Can't see it being a firewall issue - why would internal LAN traffic be crossing the router firewall? Even if the laptop and synology boxes are connect via the router switch ports, they wouldn't be crossing the firewall as the rules are applied to the WAN port... unless the synology boxes are attached to the switch, in turn connected to a port on the router that has been designated a DMZ...

I too have an HP Microserver (NL54?), running OpenELEC, and a Synology NAS as well. Both are *nix based, but OpenELEC updates more often that Synology, presumably because the later is tested against a range of appliances, rather than the testing open source undergoes.

My Synology is running samba v4.1.20 build 7393 Jun 2 2016 (telnet/SSH to synology, type smbstatus --version)
Can't compare to the HP, as it's off at the moment (and have not tried accessing it via a PC).

OP = just a thought, see if this works. From a command box started as "run as administrator" type

net use <drive letter>: \\<servername>\<sharename> /persistent:yes

e.g. to map drive X: to Music on your diskstation

net use X: \\DISKSTATION\Music /persistent:yes

The music folder may need to uppercase (mine works either way).

There is another possibility that it's a master browser issue, but that's getting a little esoteric.
 
Ok what I would do is compare the setting off the lan adaptors making the wireless the same as the wired connection. Just go through them both and make sure the tick boxes etc are the same.

As a matter of interest is there any wireless lan software installed like the Intel Proset software for example?
 
Can't see it being a firewall issue - why would internal LAN traffic be crossing the router firewall? Even if the laptop and synology boxes are connect via the router switch ports, they wouldn't be crossing the firewall as the rules are applied to the WAN port... unless the synology boxes are attached to the switch, in turn connected to a port on the router that has been designated a DMZ...

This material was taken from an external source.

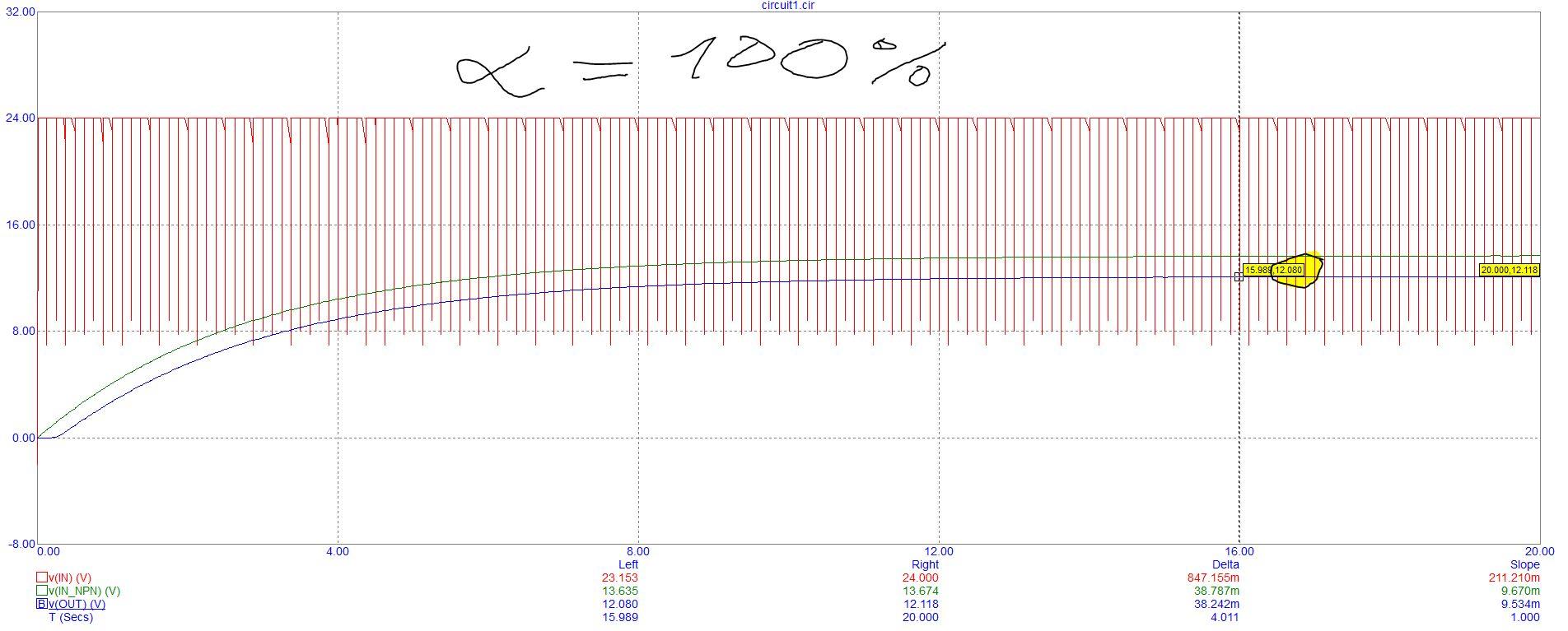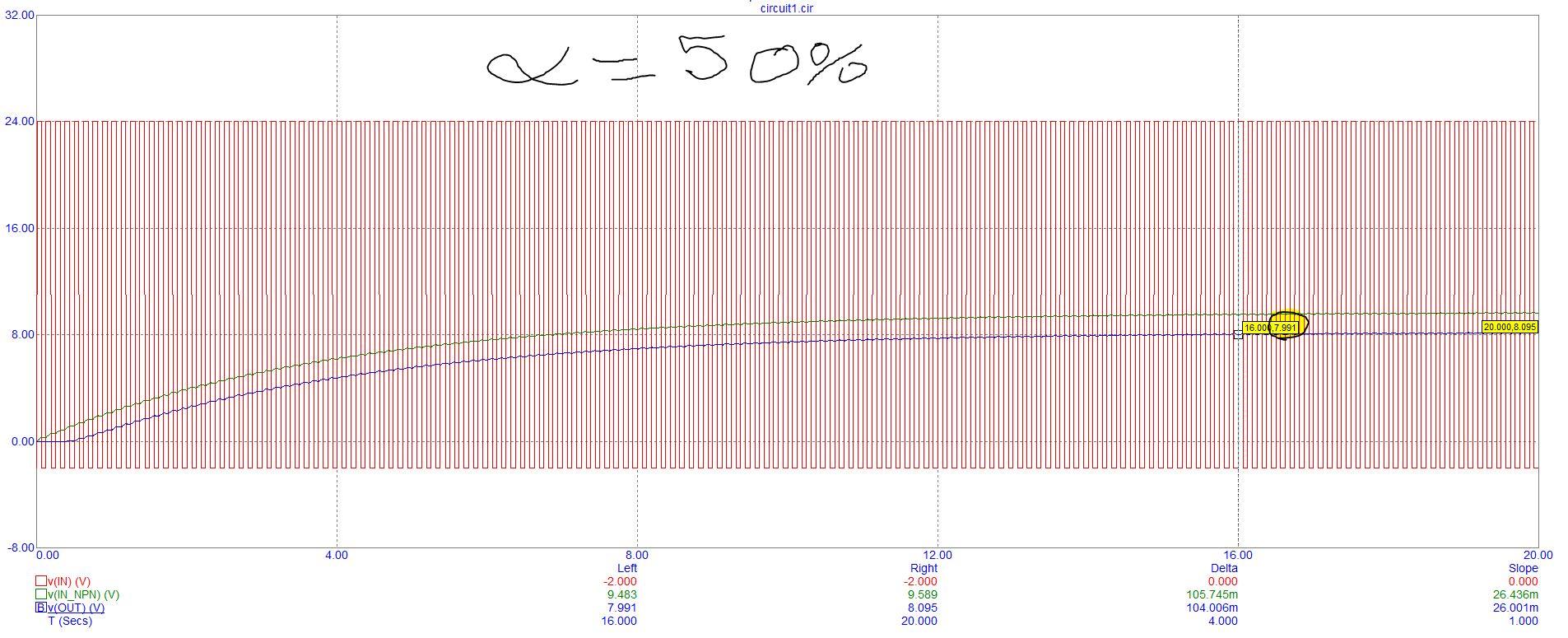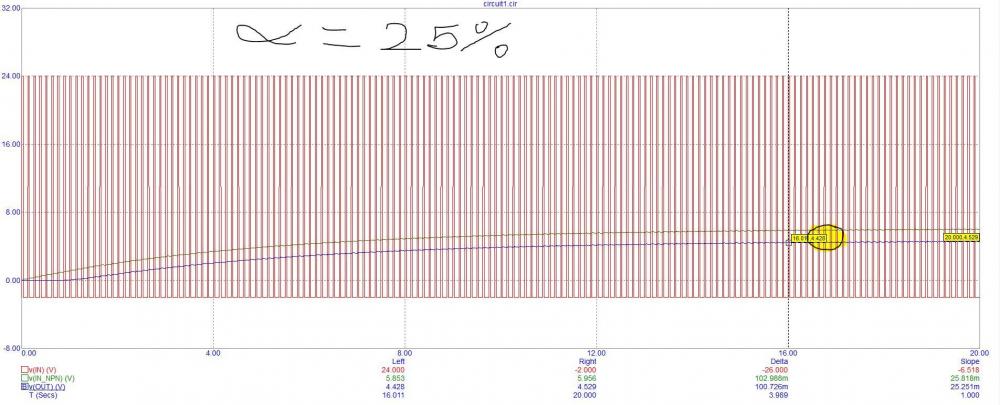 11. Salut, en complément des supers montages de @Janpolanton pour filtré le PWM 24V du ventilo, je voulais vous partager mon montage, bien que celui de @Janpolanton avec un aop marchant certainement très bien, j'ai théoriquement (sur logiciel) réussi a faire un montage assez simple avec des transistors pour ceux qui voudrais ce bricoler un filtre eux même sans AOP. Ce montage, devrait théoriquement être indépendant (jusqu'a un certain point tout de même) de la charge (ventilateur) et des transistors utilisés. Je vous met la photo du montage, je fais les tests avec GBF et oscillo demain et si c'est concluant je le monte sur l'imprimante dans la semaine prochaine. Je vous poste le montage avant d'essayer parce que comme ça si vous voyez quelque chose de bizarre n’hésiter pas ça pourrait m'éviter de cramer ma U30 . Je tiens a préciser que ce n'est qu'un test donc ne brancher pas ça sur votre imprimante si vous ne savez pas ce que vous faites. Le fonctionnement est simple : le signal d'entrée passe dans une première diode pour retirer la composante négative (les condos polarisés n'aiment pas ça) , Ensuite un petit filtre passe bas (T = RC = 47k * 100uF) et une résistance en pull down pour crée un pont diviseur entre le filtre et les transistors. Et donc on termine pas 2 transistors NPN (j'utiliserai personnellement des BC547C et je changerais si ils chauffent trop) qui sont en suiveur uniquement pour amplifier le courant. (On amplifie le courant uniquement pour ne pas que la charge (le ventilateur) n'influence le montage précédent du filtre) Sur les courbes : Vin = PWM_ imprimante , Vin_NPN = PWM filtré en entrée des transistors et Vout = Sortie Ventilo (Vout - Vin_NPN = chute de tension au borne des transistors) J'ai mis des composants pour atteindre au max 12V mais si le montage marche il faudra remplacer R4 par une ~ 82K pour monter a 14V en sortie. Et autre sujet mais pour le ventilo de l'alim, celui de base pour ma part je ne le trouve pas horrible mais il vibre contre la carcasse de l'alim, le problème vient de là. Je l'ai donc simplement fixé avec un joint silicone pour l'isoler de l'alim(ne pas mettre de visse) et il ne fait plus qu'un doux ronronnement sourd.

I'm thinking of the Windows firewall (on the errant client) rather than the router firewall. As surmised, local LAN traffic doesn't transcend the router firewall so it's not relevant, but Windows clients have had a local "personal" firewall in the last few versions. There could be a scenario in a laptop with multiple NIC's, that the rulesets differ between the NIC's which could give rise to the observed behaviour (works one NIC and not the other.) Whilst I agree it's unlikey (SMB et al tends to be permitted by default) it would be fairly trivial to test and rule it out: Find the firewall control in Systems and Security, turn it off, test, then turn it back on again.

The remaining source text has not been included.